The basic problem is that your respondents were (as you sort of acknowledge in your footnote on p.17) biased to respond "different"—ie, that they could hear a difference between the amplifiers being compared. In fact, it can be calculated from your Table 3 that 2228 (approximately 63.1%) of the responses were "different." Given this fact, and the fact that overall the amps really were different on 53.6% of the trials, the expected performance by chance can be calculated as approximately 50.9%. (This calculation is based on the assumption that only the bias to respond "different," and not the actual situation, determines responses. The number of correct responses expected by chance is then 0.631 (the expected proportion of "different" responses) x 1892 total "different" trials, plus 0.369 (the expected proportion of "same" responses) x 1638 total "same" trials. (The result of this calculation is about 1798, or 50.9% of the total.) This may seem like a small variation from your assumed chance level of 50.0%. In fact, however, the overall percent correct of 52.3% does not differ significantly from the correct chance level of 50.9%. (The Chi-square with one degree of freedom is approximately 1.34.) Therefore, the data do not show a statistically significant tendency to discriminate between amplifiers—Larry Archibald's comment (footnote p.17) is right on the mark.

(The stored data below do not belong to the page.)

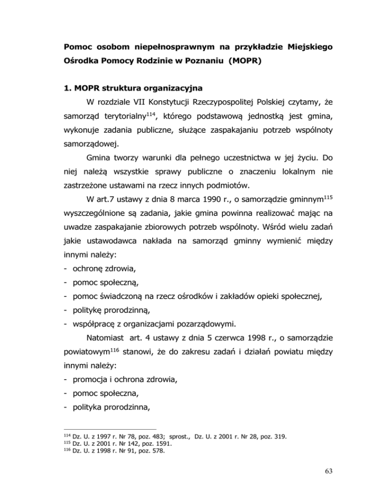 Pomoc osobom niepełnosprawnym na przykładzie Miejskiego Ośrodka Pomocy Rodzinie w Poznaniu (MOPR) 1. MOPR struktura organizacyjna W rozdziale VII Konstytucji Rzeczypospolitej Polskiej czytamy, że samorząd terytorialny114, którego podstawową jednostką jest gmina, wykonuje zadania publiczne, służące zaspakajaniu potrzeb wspólnoty samorządowej. Gmina tworzy warunki dla pełnego uczestnictwa w jej życiu. Do niej należą wszystkie sprawy publiczne o znaczeniu lokalnym nie zastrzeżone ustawami na rzecz innych podmiotów. W art.7 ustawy z dnia 8 marca 1990 r., o samorządzie gminnym115 wyszczególnione są zadania, jakie gmina powinna realizować mając na uwadze zaspakajanie zbiorowych potrzeb wspólnoty. Wśród wielu zadań jakie ustawodawca nakłada na samorząd gminny wymienić między innymi należy: - ochronę zdrowia, - pomoc społeczną, - pomoc świadczoną na rzecz ośrodków i zakładów opieki społecznej, - politykę prorodzinną, - współpracę z organizacjami pozarządowymi. Natomiast art. 4 ustawy z dnia 5 czerwca 1998 r., o samorządzie powiatowym116 stanowi, że do zakresu zadań i działań powiatu między innymi należy: - promocja i ochrona zdrowia, - pomoc społeczna, - polityka prorodzinna, 114 115 116 Dz. U. z 1997 r. Nr 78, poz. 483; sprost., Dz. U. z 2001 r. Nr 28, poz. 319. Dz. U. z 2001 r. Nr 142, poz. 1591. Dz. U. z 1998 r. Nr 91, poz. 578. 63 - wspieranie osób niepełnosprawnych, - współpraca z organizacjami pozarządowymi. Miejski Ośrodek Pomocy Rodzinie (MOPR) na mocy uchwały Rady Miasta Poznania117, rozpoczął działalność z dniem 1 czerwca 1999 r. Na podstawie art.30 ust.1 ustawy z dnia 8 marca 1990 r., o samorządzie gminnym118, Prezydent Miasta Poznania wydał zarządzenie119, w sprawie nadania statutu Miejskiemu Ośrodkowi Pomocy Rodzinie w Poznaniu. Zarządzenie to w § 2 postanawia, że dotychczasowe uchwały120Rady Miasta w sprawie nadania statutu jednostce budżetowej – Miejskiemu Ośrodkowi Pomocy Rodzinie przestały obowiązywać. Statut postanawia, że Miejski Ośrodek Pomocy Rodzinie jest miejską jednostką organizacyjną i działa jako jednostka budżetowa w rozumieniu przepisów ustawy o finansach publicznych121. MOPR działalność swą prowadzi na podstawie następujących aktów prawnych: - ustawy z dnia 12 marca 2004 r. o pomocy społecznej122, - ustawy z dnia 27 sierpnia 1997 r. o rehabilitacji zawodowej i społecznej oraz zatrudnianiu osób niepełnosprawnych123, - ustawy z dnia 28 listopada 2003 r. o świadczeniach rodzinnych124, - ustawy z dnia 27 sierpnia 2004 r. o świadczeniach opieki zdrowotnej finansowanych ze środków publicznych125, ustawy z dnia 13 października 1998 r. o systemie ubezpieczeń społecznych126, - ustawy z dnia 19 sierpnia 1994 r. o ochronie zdrowia psychicznego127, 117 118 119 120 121 122 123 124 125 126 Nr XIV/124/III/99 z dnia 18 maja 1999. Dz. U. z 2001 r. Nr 142, poz. 1591. Nr 312/2004/P z dnia 30 kwietnia 2004 . Nr 334 z dnia 28 czerwca 1990 r. oraz Nr 625 z dnia 2 sierpnia 2002. Dz. U. Nr 155, poz.1014 z 1998. tekst jednolity Dz. U. z 2004 r. Nr 64, poz.593. Dz. U. z 1997 r. Nr 123, poz. 776 z późn. zm. Dz. U. z 2003 r. Nr 228, poz. 2255. Dz. U. z dnia 27 września 2004 r. Nr 20, poz.2135. tekst jednolity Dz. U. Nr 137/98, poz.887 z późn. zm. 64 - ustawy z dnia 1 grudnia 1994 r. o zasiłkach rodzinnych, pielęgnacyjnych i wychowawczych128, - ustawy z dnia 25 czerwca 1997 r. o cudzoziemcach129, - ustawy z dnia 13 listopada 2003 r. o dochodach jednostek samorządu terytorialnego130, - ustawy z dnia 24 kwietnia 2003 r. o działalności pożytku publicznego i o wolontariacie131, Statut obok postanowień ogólnych, określa cele i zadania realizowane przez Miejski Ośrodek Pomocy Rodzinie w Poznaniu, jego organizację oraz gospodarkę finansową. Przedmiotem działalności MOPR- u jest: - kompleksowa pomoc osobom i rodzinom w przezwyciężaniu trudnych sytuacji życiowych, których nie są w stanie one pokonać, - przeciwdziałanie patologii społecznej, - pomoc rodzinom we właściwym wypełnianiu ich funkcji i zadań. Zakres zadań pomocy społecznej jakie realizuje MOPR, określony został w § 5 pkt1 - 36 statutu. Do zadań świadczonych na rzecz osób niepełnosprawnych wymienić należy: - opracowywanie i wykonywanie miejskich programów na rzecz osób niepełnosprawnych dotyczących ich rehabilitacji społecznej, podejmowanie działań mających na celu ograniczenie skutków niepełnosprawności, - dofinansowywanie uczestnictwa osób niepełnosprawnych i ich opiekunów, turnusach rehabilitacyjnych, sportu, kulturze, rekreacji, turystyce, - dofinansowanie likwidacji barier architektonicznych, 127 128 129 130 131 Dz. U. z 1994 r. Nr 111, poz. 535 z późn. zm. tekst jednolity Dz. U. z 1998 r. Nr 102, poz. 651 z późn. zm. Dz. U. z 1997 r. Nr 114, poz.739 z późn. zm. Dz. U. z 2003 r. Nr 203, poz. 1966. Dz. U. z 2003 r. Nr 127, poz. 1399. 65 - dofinansowanie tworzenia i działania warsztatów terapii zajęciowej, - współpraca z organizacjami pozarządowymi i fundacjami działającymi na rzecz osób niepełnosprawnych w zakresie rehabilitacji społecznej. Poznański MOPR dąży do wypracowania nowej, skutecznej formuły współpracy z obywatelami i stworzenia lepszego wizerunku pomocy społecznej w Poznaniu. W swych strukturach stara się wypracowywać taką organizację, która ułatwiałyby kontakt z Ośrodkiem wszystkim osobom zabiegającym o pomoc państwową. Zasady kierowania Ośrodkiem, określenie struktury organizacyjnej, wyszczególnienie zadań realizowanych przez poszczególne działy, sekcje, zespoły, filie oraz określenie działalności kontrolnej zawiera Regulamin Organizacyjny Miejskiego Ośrodka Pomocy Rodzinie w Poznaniu. Miejskim Ośrodkiem Pomocy Rodzinie kieruje i reprezentuje go na zewnątrz Dyrektor powoływany przez Prezydenta m. Poznania. Dyrektor w regulaminie organizacyjnym zatwierdzonym przez Prezydenta m. Poznania określa organizację wewnętrz
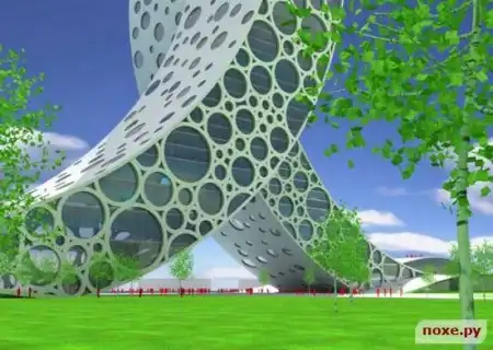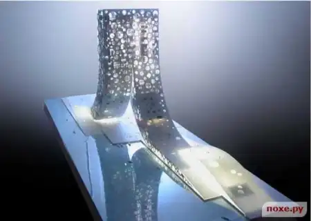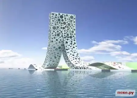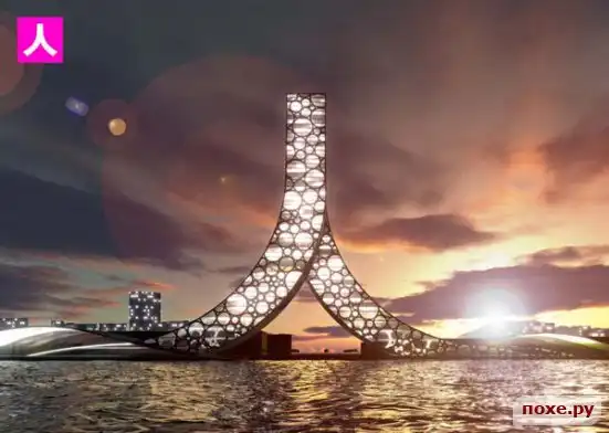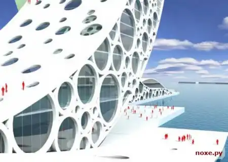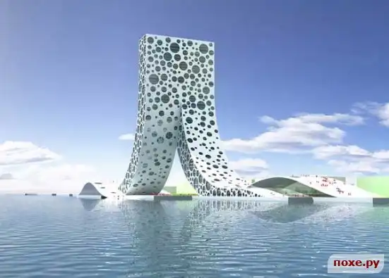 Первое здание, выходящее из воды, это спортивный и культурно-досуговый центр. Второе здание, выходящее из земли, это общественный и конференц центр.В месте пересечения этих зданий высоко над уровнем земли - начинается отель на 1000 номеров. Спроектировано оно в форме иероглифа «ren», что в переводе означает "люди".
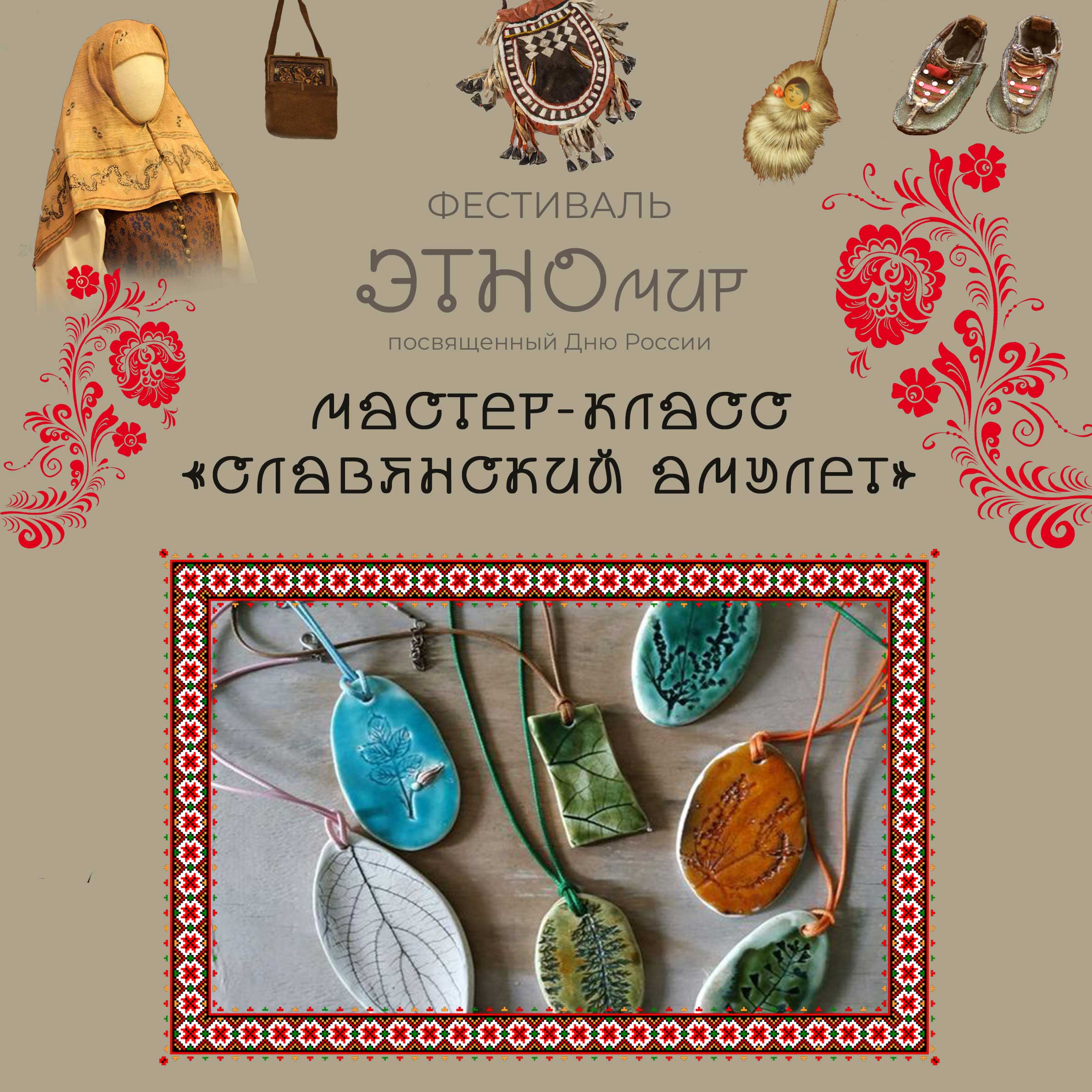 На мастер-классе будет использоваться самозатвердевающая глина, которая не требует обжига. Получившееся изделие можно будет раскрасить красками или добавить украшений в виде орнамента или цветочных отпечатков, чтобы амулет получился именно таким, каким задумывался.
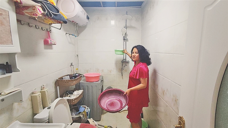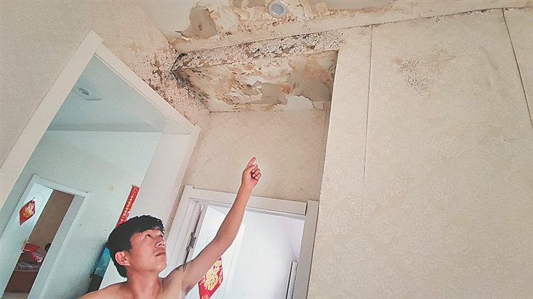 21日,生活报记者来到阿城体东名城小区,与业委会负责人及物业公司负责人一起来到七号楼5单元顶楼的赵女士家。记者在室内看到,床上堆满了衣服等物品。据赵女士介绍,墙角漏雨把衣柜里的衣服、棉被都淹了,因此才把东西堆到了床上。“一到夏天下雨我们就遭罪,这才搬进来几年,房子漏得不像样子。”记者看到,赵女士家的棚顶和墙面明显有被水泡过的痕迹,卧室的棚顶发霉长毛。在卫生间里,临时用来接雨水的盆还没有撤掉,因为棚顶有存水的地方,所以一到雨天就会变成“外面大雨屋里小雨”。“雨大的时候,这几个盆都接不过来,说不定从哪儿就漏水,而且最怕半夜下雨,全家人都得爬起来接水,这一宿就不用睡觉了。”

A second comment concerns the so-called "differences between ability to distinguish amp difference and ability to determine sameness." This apparent difference is simply an artifact of the bias to respond "different." As the calculations above show, the expected (by chance, given the overall bias) levels of performance for "same" and "different" presentations are 36.9% and 63.1% respectively—indistinguishably different from the obtained levels of 38.3% and 64.4% (Table 3). Thus, any "caviling about test conditions" might be rejected, but not on the basis of this huge apparent difference.

A third (and final) comment concerns differences among the musical selections. While I have not done any detailed calculations like those above for the individual selections (this seems likely to be futile, given the reduced statistical power when using just part of the sample), note that the bias to say "different" varies substantially—as percent correct for "different" goes up, the percent correct for "same" goes down. What may be really going on here is simply this: Audiophiles believe that some types of music are more likely to reveal differences than others, and adjusted their response biases accordingly.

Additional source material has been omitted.